Give back exactly the first lines of the entries below, through the line with "From I-5 Exit".

[[ Records to process, beginning ]]

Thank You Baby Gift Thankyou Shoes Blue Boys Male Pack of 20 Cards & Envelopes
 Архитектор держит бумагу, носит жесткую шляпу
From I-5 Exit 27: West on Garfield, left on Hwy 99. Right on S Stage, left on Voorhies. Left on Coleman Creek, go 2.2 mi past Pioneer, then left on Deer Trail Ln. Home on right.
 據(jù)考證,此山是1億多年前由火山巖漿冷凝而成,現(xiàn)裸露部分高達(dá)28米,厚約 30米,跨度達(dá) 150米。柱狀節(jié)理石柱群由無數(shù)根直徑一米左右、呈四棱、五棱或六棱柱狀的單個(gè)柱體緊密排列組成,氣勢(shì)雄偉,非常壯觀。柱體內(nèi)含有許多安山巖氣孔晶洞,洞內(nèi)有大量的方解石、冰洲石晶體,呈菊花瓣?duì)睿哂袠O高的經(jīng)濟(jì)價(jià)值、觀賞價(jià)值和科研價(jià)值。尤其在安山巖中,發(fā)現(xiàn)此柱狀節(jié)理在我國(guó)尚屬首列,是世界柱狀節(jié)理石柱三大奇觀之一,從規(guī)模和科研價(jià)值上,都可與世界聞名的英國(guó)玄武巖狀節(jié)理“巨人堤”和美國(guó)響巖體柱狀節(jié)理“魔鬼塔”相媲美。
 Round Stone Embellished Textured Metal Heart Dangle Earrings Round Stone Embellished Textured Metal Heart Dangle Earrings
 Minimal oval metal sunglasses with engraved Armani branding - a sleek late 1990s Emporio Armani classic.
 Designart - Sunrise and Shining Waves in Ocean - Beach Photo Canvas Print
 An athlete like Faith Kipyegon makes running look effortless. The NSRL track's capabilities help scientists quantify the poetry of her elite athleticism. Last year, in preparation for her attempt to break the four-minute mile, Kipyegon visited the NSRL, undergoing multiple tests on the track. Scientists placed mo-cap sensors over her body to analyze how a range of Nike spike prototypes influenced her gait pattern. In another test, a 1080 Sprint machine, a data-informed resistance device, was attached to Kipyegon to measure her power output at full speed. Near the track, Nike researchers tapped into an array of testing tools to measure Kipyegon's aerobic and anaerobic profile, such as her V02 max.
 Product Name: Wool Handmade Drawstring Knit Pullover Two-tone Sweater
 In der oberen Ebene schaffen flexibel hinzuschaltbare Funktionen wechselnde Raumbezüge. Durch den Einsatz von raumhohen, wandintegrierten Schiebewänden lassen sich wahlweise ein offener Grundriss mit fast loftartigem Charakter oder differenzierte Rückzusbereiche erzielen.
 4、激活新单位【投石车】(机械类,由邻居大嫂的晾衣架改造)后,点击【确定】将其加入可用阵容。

[[ Records to process, end ]]

• [Answer box]
Thank You Baby Gift Thankyou Shoes Blue Boys Male Pack of 20 Cards & Envelopes
 Архитектор держит бумагу, носит жесткую шляпу
From I-5 Exit 27: West on Garfield, left on Hwy 99. Right on S Stage, left on Voorhies. Left on Coleman Creek, go 2.2 mi past Pioneer, then left on Deer Trail Ln. Home on right.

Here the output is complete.